As far as (2) "PC's with DDR DRAM sockets will by and large will need to be registered DDR memory in computer configurations that compete with RDRAM", I'm not sure what to make of the statement. SDRAM beat the daylights out of RDRAM in whatever configuration low end P4s were being sold into, and now RDRAM production is undoubtedly being reduced.

If you'd been right about (1), and RDRAM had gotten down to around SDRAM pricing, you'd probably have been right about (2), and RDRAM wouldn't have lost big time market share to SDRAM and (soon enough) DDR.

As far as "limit to use in high memory configurations like servers", I would think that it's time for you to admit that you were wrong, and that unregistered DDR will take over the mainstream as well as servers. That DDR will also take over the workstation niche is obvious to me, but you may not be willing to admit it yet. The various dual DDR channel machines from nVidia and Intel should be a clue that high priced RDRAM is doomed in the workstation market, but maybe you won't admit it until Intel actually announces availability, LOL!!!

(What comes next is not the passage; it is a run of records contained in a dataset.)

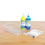 SLIME FOR KIDS: Steve Spangler's String Slime Starter Science Kit includes everything you need to make slime like you’ve never seen it before! DIY SLIME KIT: Mix up the Activator Solution and squirt your favorite String Slime color into the liquid. The instant the two liquids touch, you get solid String Slime. It’s that easy! AMAZING SCIENCE & LEARNING: Explore the science of building polymers by cross-linking long chains of molecules with this slimy science experiment kit for kids. It’s a hands-on STEM learning activity that will keep kids engaged. FUN SLIME FOR ALL AGES: The “hands-on science” factor is great for younger students while the strong content makes the activity perfect for upper-level students and teachers. It also makes a great gift idea! INCLUDED: String Slime Activator Powder 0.35 oz (10 g) Yellow, and Blue String Slime (3.4 fl oz. / 120 mL) each, 1 Plastic Squirt Tube, 1 Plastic Tank, Instruction Cards. Recommended ages 6+ with adult supervision.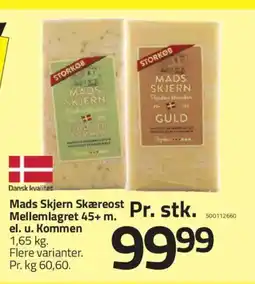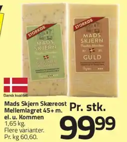| Mads Skjern Skæreost Mellemlagret 45+ m. el. u. Kommen, DKK 109.99 | Fleggaard | 109,99 kr. | 06 august 2025 | 19 august 2025 | |||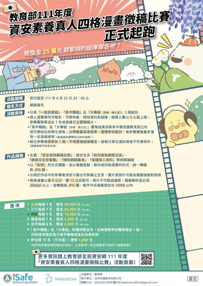 「資安素養真人四格漫畫徵稿比賽」活動收件時間即日起至111年6月25日止,分為「一般民眾組」、「高中職組」及「大專組(含碩、博士生)」三個組別。以「拍照」的方式構圖,並以電腦後製,製作成四格漫畫的形式,統一轉檔為JPG檔。出現於作品中的參賽者須至少露出可辨識之五官,圖片或照片可經由電腦後製對話框來呈現文字對話。每格漫畫以長8公分、寬13公分(容許正負0.5公分尺寸差異)製作,照片不可超過邊框,檔案解析度必須 300dpi以上,並轉檔為JPG檔,每件作品檔案限定在10MB以內。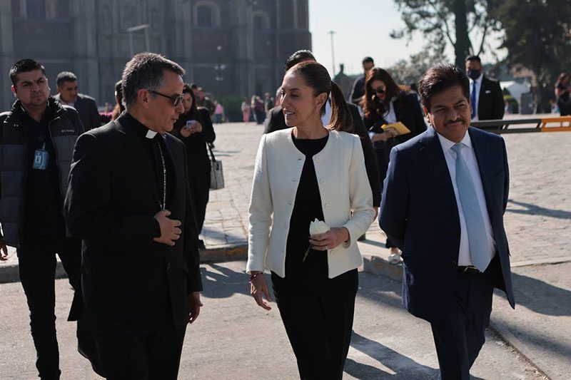 La mañana de este viernes, Claudia Sheinbaum hizo entrega de la rosa de plata bendecida por el Papa Francisco desde el Vaticano, al rector de la Basílica de Guadalupe, el padre Efraín Hernández Díaz.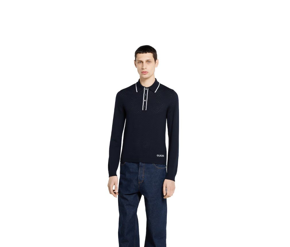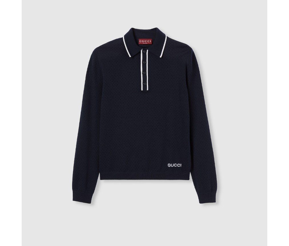 구찌 인타르시아가 들어간 고급 울 니트 폴로 셔츠 824573XKESP4423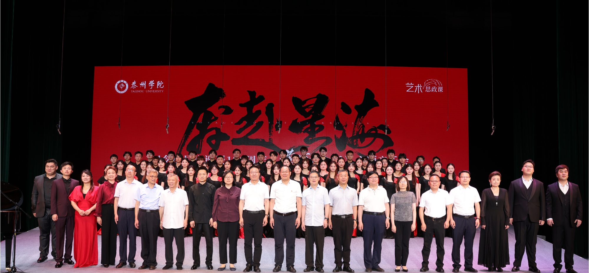 6月18日,由校党委宣传部主办、音乐学院承办的bat365在线中国官网登录入口“奔赴星海”——纪念冼星海诞辰120周年《黄河大合唱》专场音乐会在大学生活动中心上演。泰州市委宣传部、泰州市文化广电和旅游局、泰州市教育局、泰州市文学艺术界联合会相关负责同志,全体在泰校领导与近千名师生代表共同观看演出,在艺术与思政的交融中接受精神洗礼。

By contrast, my prediction that RDRAM wouldn't drop as far as SDRAM and DDR was correct, and that the memory makers would milk the market by keeping RDRAM expensive was spot on. In addition, I've been predicting that DDR is the next mainstream memory (since it first became obvious to me 2 years ago), and my predictions, that once flew in the face of industry observers like Dataquest, are now seconded by pretty much all industry observers.